1.26.2011

Bookish {- Adjective. 1. given or devoted to reading or study.} 2011


Book 1

The Book of J - Harold Bloom + Translation by David Rosenberg


Book 1 was an interesting choice to start my new year reading with. Although The Book of J was very controversial upon its release (and remains so), I think poses some interesting bits to chew on concerning the holy texts, the first five books of the Bible. An NYTimes reviewer puts it so well, "In "The Book of J" bright ideas gleam, vanish and are replaced by more. It pains a reviewer to be able to discuss so few of them. Believers, fundamentalists, may be shocked, but the effect on others will surely be refreshing, with just a little of the jolt that one sometimes gets from looking at a familiar painting newly cleaned" (citation). To begin, Bloom presents us with an introduction to The Book of J. What is the book of J? In some schools of Biblical scholarship, these first five books are speculated to be a redaction of at least 4 different manuscripts from 4 writers that were later edited together. The "J" writer is one of the oldest and that which refers to God as Yahweh or Jahweh (the others labeled "E" that which refers to God as Elohim; "P" a priestly contributor who wrote Leviticus, "D" who contributed much to Deuteronomy, and "R" the redactor who compiled the works into the form as we know them presently. While some speculate that there were many "J" writers, Bloom poses that "J" was one person and a brilliant, educated, woman of court. He further poses that "J" is "no more a religious writer than Shakespeare" and a brilliant ironist, a sublime poet of equal caliber (and, if you're familiar with Bloom you realize it is the highest praise he can offer). "He believes, correctly, that people rarely talk much sense about texts without thinking of them as having authors; hence this historical construct" (same citation).

Following Bloom's introduction and speculation of "J" is a translation of the work considered to be The Book of J. Rosenberg's translation "offers a rendition of her book intended to stay close to her rugged Hebrew, avoiding the accents of the King James Version (which, superb as it is, tends to make J and E and the rest sound the same) while avoiding also the blandness of the modern versions.

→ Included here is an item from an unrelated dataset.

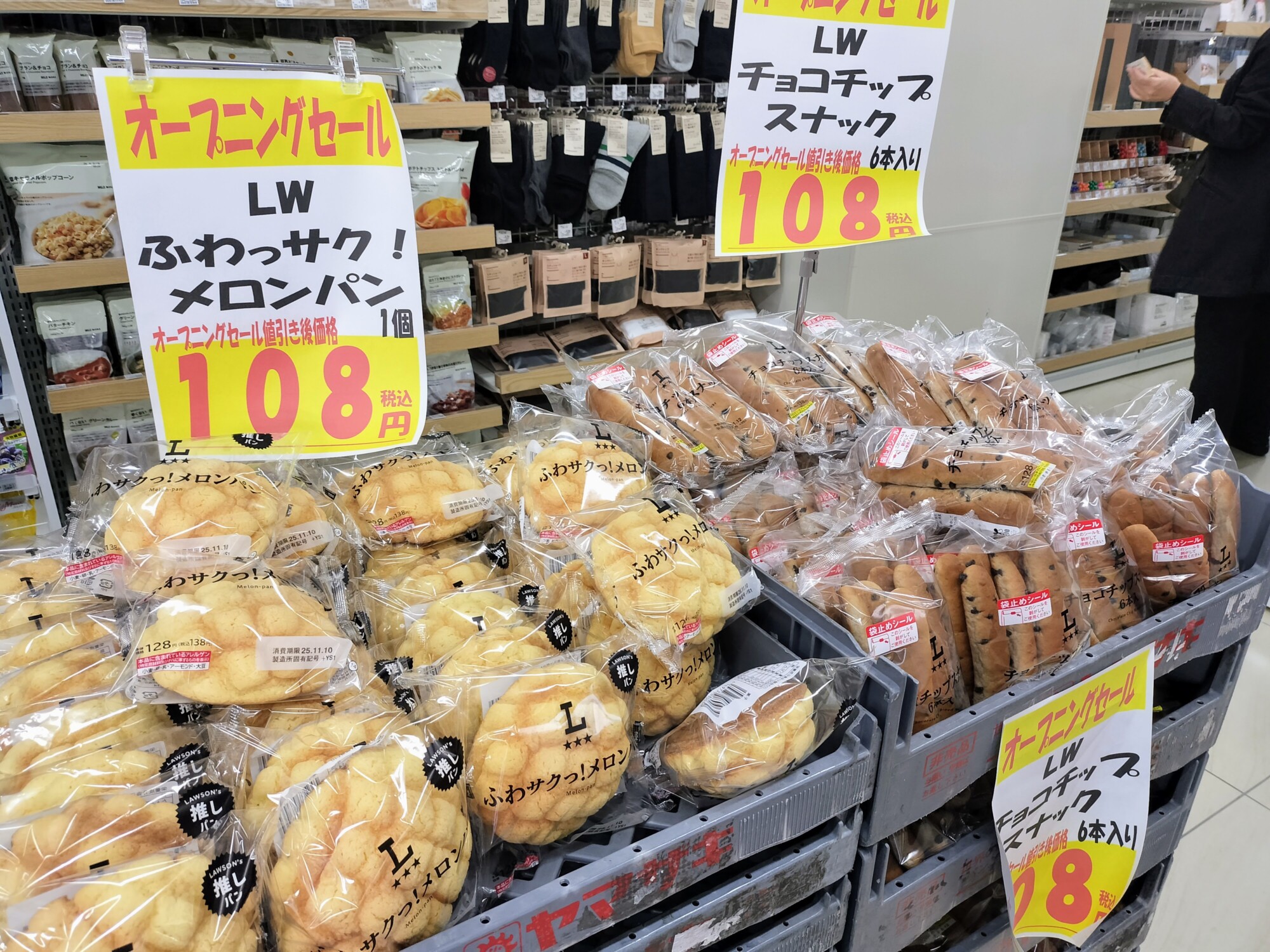 店内には、「ふわっサク!メロンパン」が108円、チョコチップスナック(6本入り)が108円とセール価格で販売されており、ワゴンに山積みになっていた。

This bold and deeply meditated translation attempts to reproduce the puns, off-rhymes and wordplay of the original. In some respects, however, it seems misguided. Dryden said that Spenser, in imitating the ancients, "writ no language," and to write modern English as if it could simulate the terseness and the rhythms of biblical Hebrew is to risk writing no language at all" (same citation). 

I found it interesting to read from an objective, academic standpoint. I want to formally note that this is not an expression or critique on any belief system, whatsoever. The subject matter itself is controversial and I refrain from relaying any personal commentary, only generally overviewing the text as I found it as I continue to catalog my reading.